▶ **Problem requirements**
Return only the lines below starting at the line containing "同时,eclipse中的pr" and ending at the line containing "2クラス合同でゲーム形式でサッカー競技に取り組んでいます。", both included, exactly as they are and with no pictures.

Records from a collection
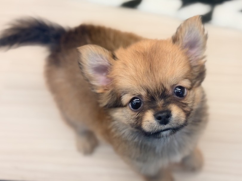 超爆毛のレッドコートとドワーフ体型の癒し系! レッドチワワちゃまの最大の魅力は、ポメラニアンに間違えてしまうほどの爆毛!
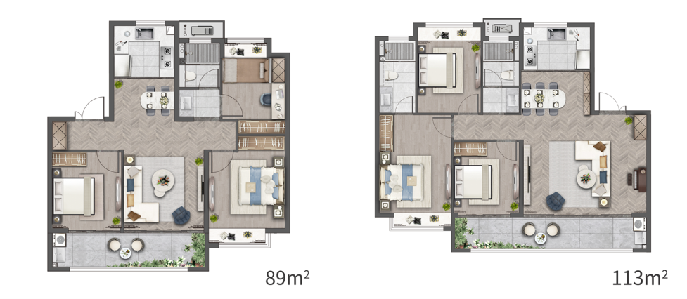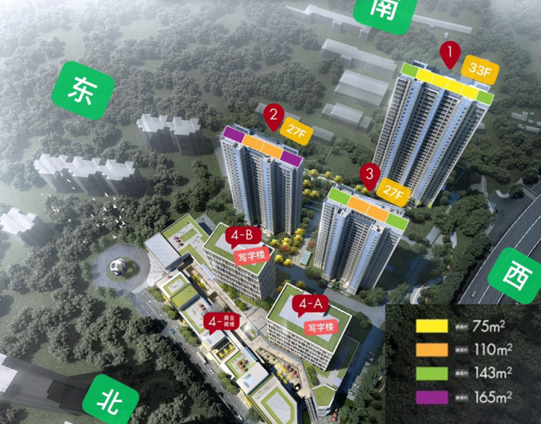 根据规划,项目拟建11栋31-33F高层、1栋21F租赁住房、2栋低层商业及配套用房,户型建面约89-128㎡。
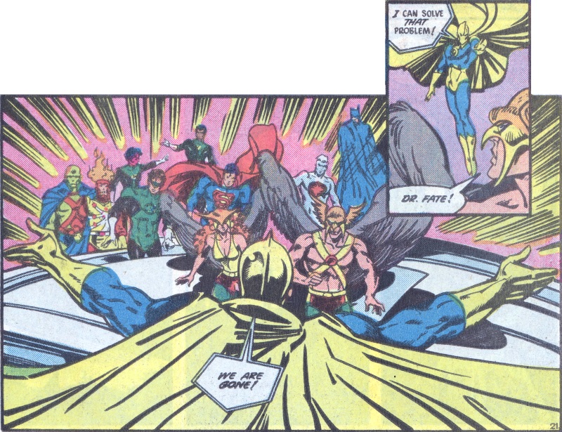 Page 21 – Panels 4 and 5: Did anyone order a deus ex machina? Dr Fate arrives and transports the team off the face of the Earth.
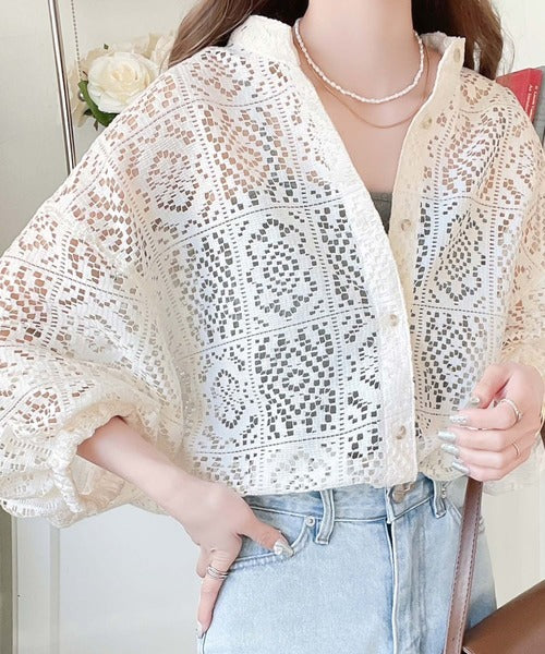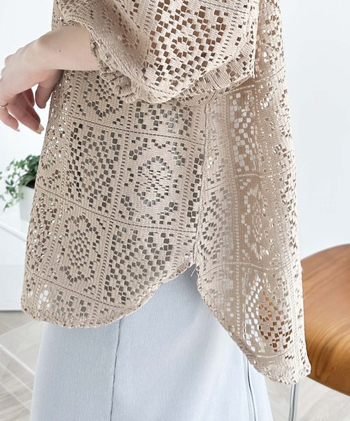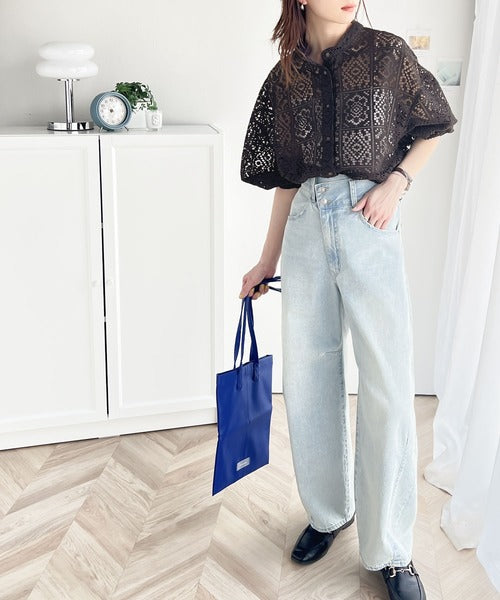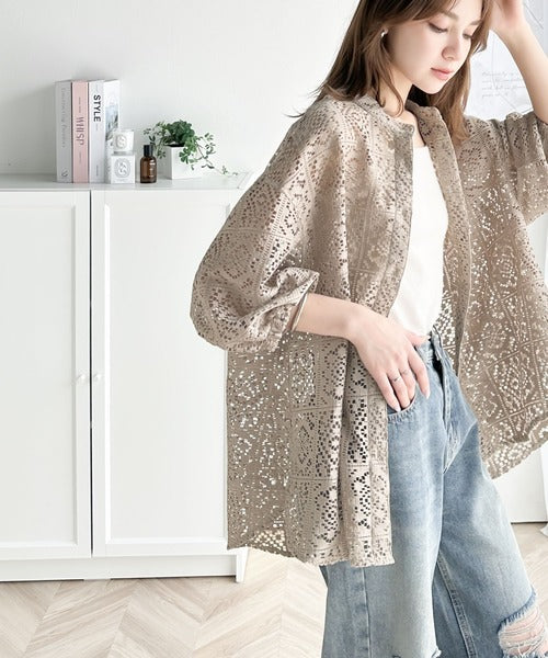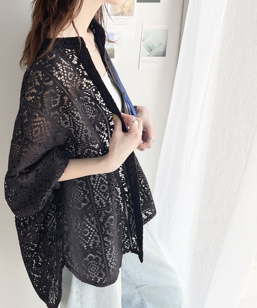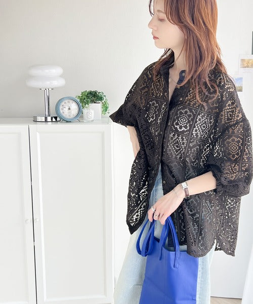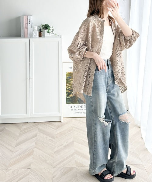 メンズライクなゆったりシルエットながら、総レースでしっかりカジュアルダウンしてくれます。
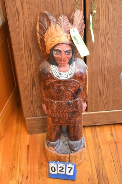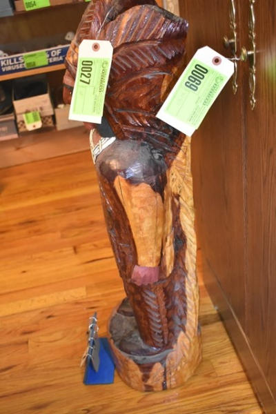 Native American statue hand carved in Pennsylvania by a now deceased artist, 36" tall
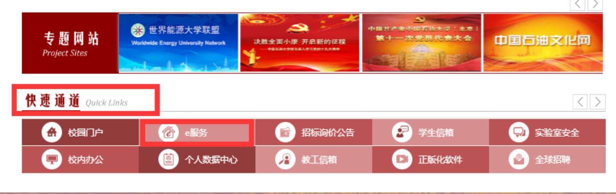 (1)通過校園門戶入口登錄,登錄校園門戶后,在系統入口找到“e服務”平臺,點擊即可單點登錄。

==

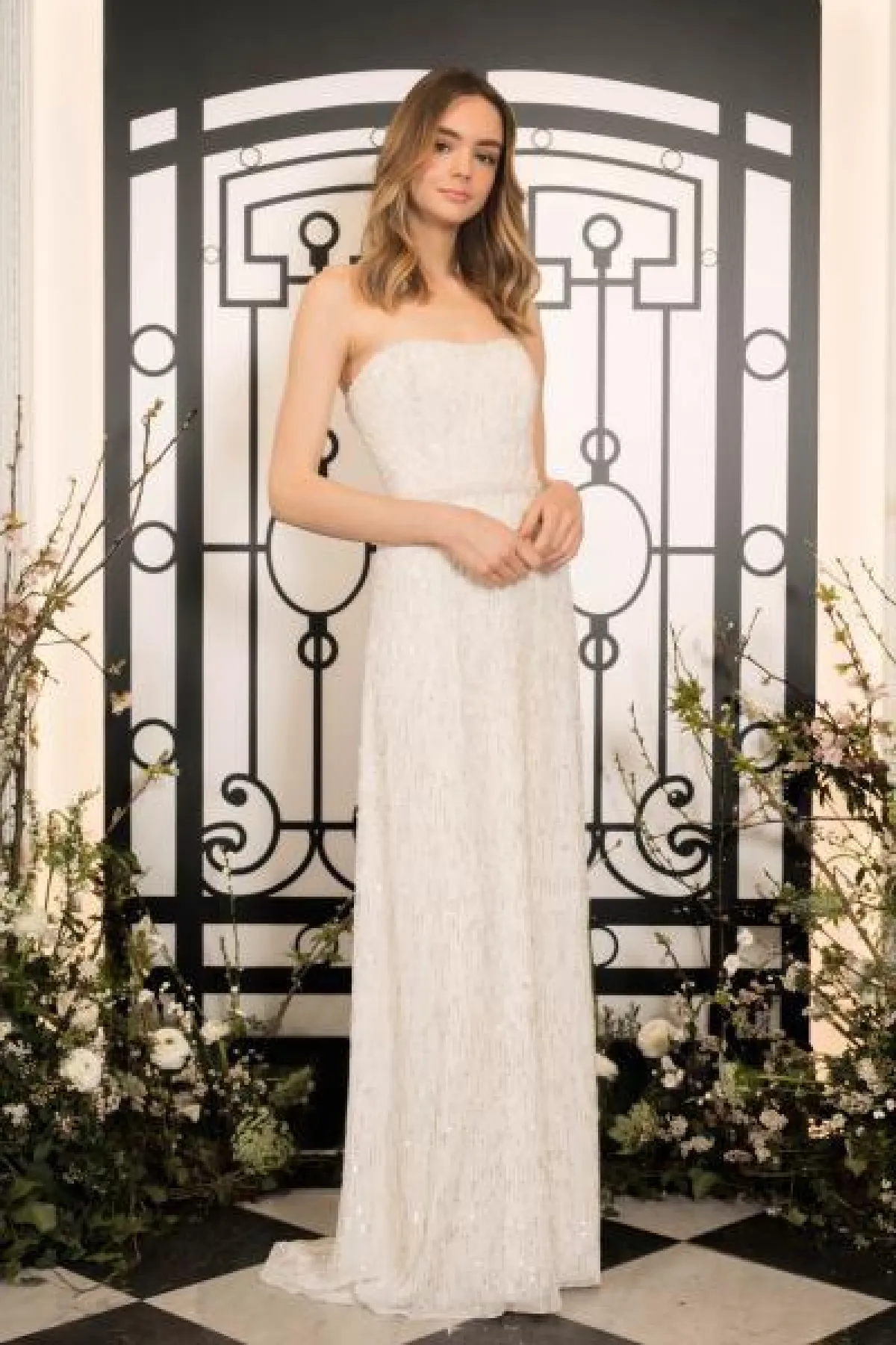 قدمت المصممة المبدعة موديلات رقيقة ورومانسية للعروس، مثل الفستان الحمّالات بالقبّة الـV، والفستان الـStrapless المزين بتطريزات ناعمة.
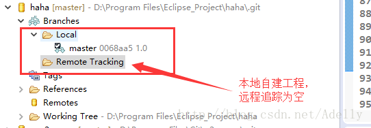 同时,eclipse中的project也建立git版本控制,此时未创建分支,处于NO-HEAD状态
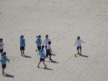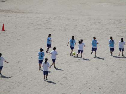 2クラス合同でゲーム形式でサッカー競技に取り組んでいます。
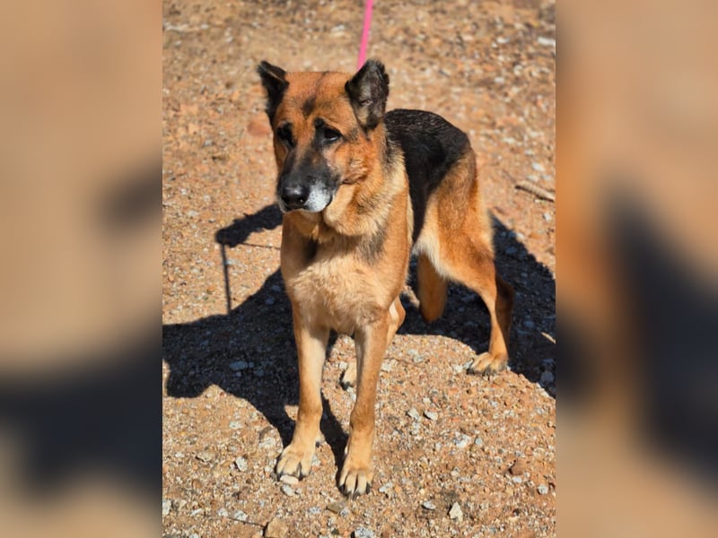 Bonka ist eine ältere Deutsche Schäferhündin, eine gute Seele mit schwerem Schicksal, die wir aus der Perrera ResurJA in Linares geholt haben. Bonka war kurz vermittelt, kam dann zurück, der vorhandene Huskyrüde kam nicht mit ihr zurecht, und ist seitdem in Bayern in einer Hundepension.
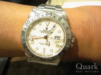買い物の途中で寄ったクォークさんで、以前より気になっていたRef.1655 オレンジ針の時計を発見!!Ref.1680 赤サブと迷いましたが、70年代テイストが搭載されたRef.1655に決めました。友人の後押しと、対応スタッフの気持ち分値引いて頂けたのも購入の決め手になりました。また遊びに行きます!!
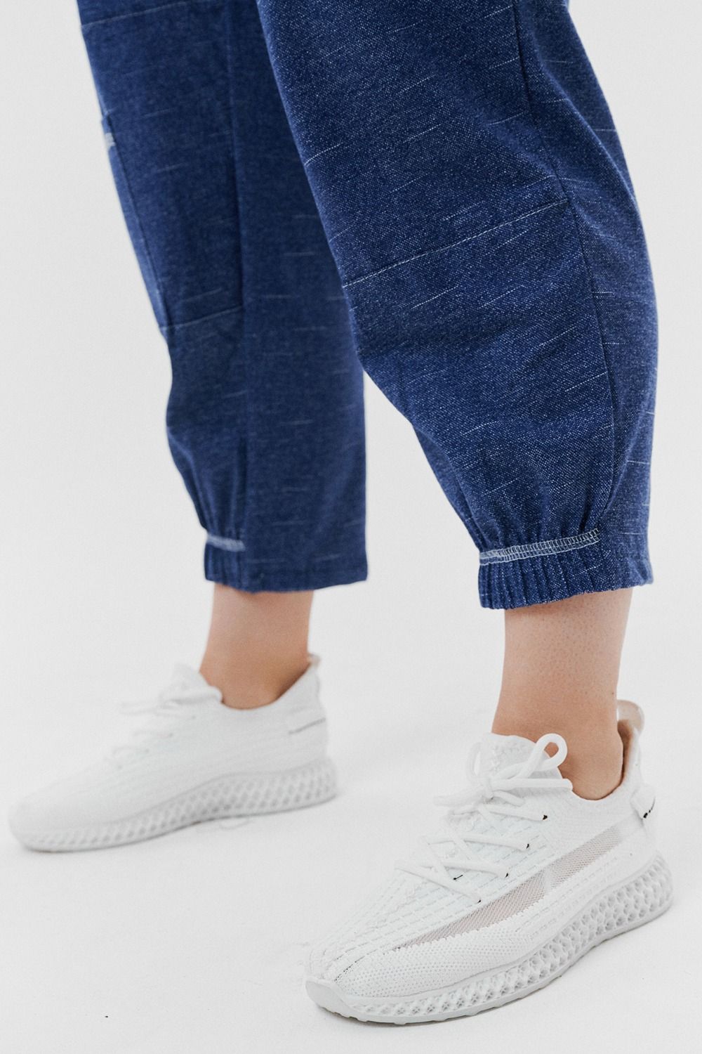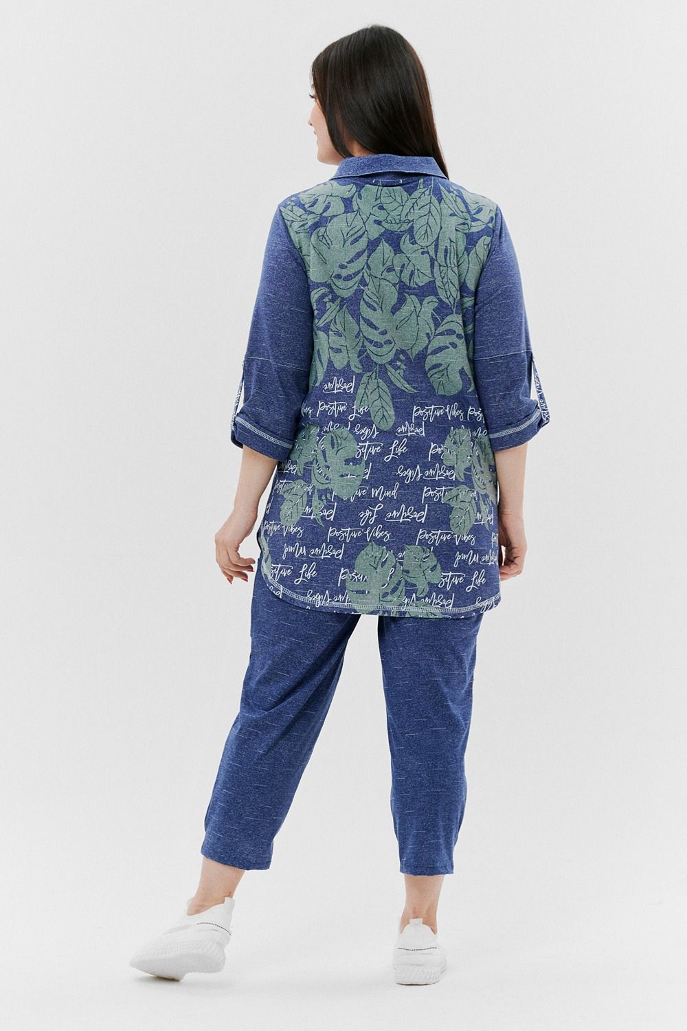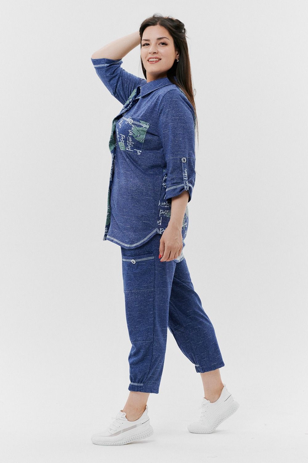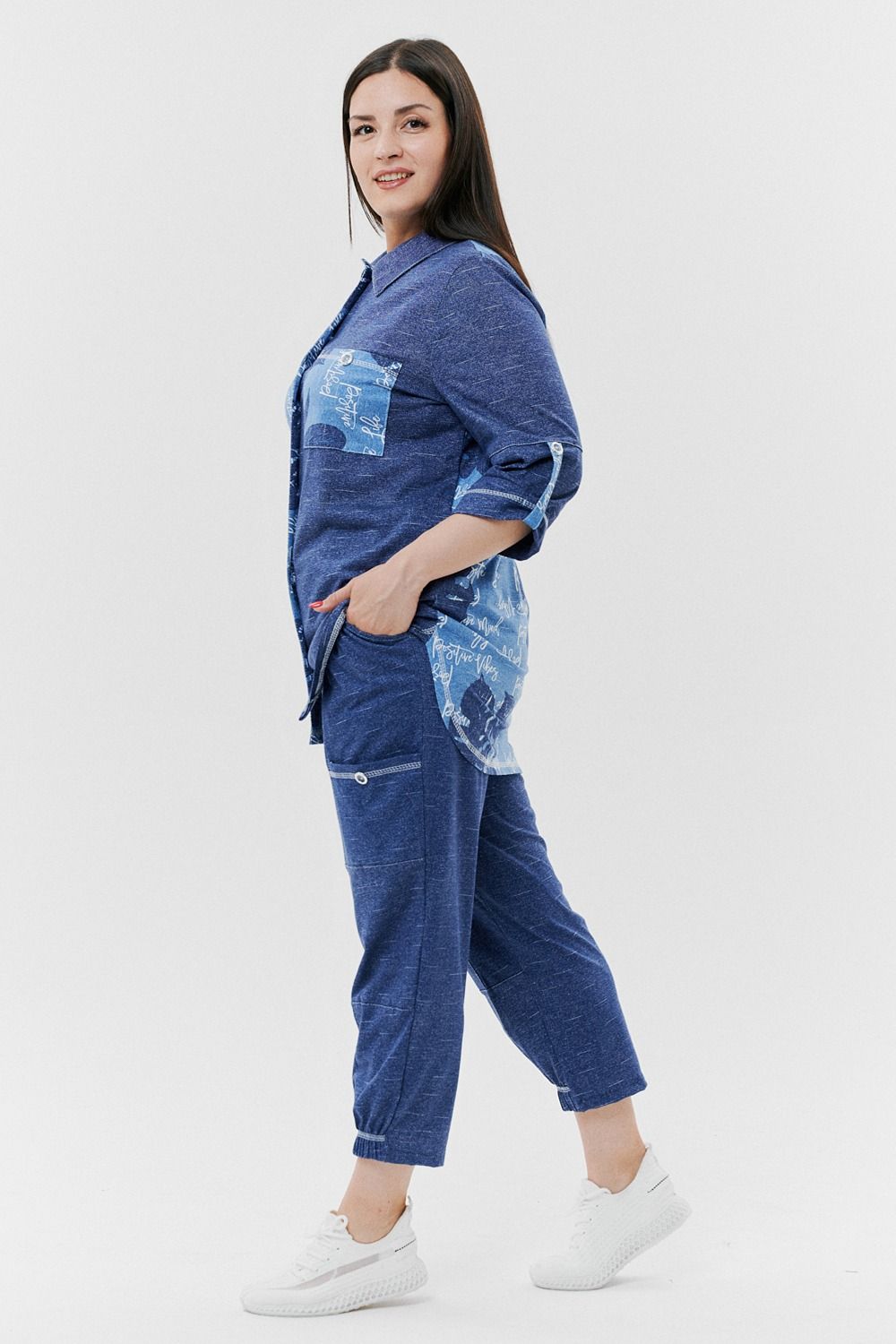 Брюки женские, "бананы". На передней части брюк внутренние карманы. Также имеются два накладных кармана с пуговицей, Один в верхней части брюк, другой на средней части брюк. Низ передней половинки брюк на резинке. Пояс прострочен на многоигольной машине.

▶ **Task solution**
 同时,eclipse中的project也建立git版本控制,此时未创建分支,处于NO-HEAD状态
 2クラス合同でゲーム形式でサッカー競技に取り組んでいます。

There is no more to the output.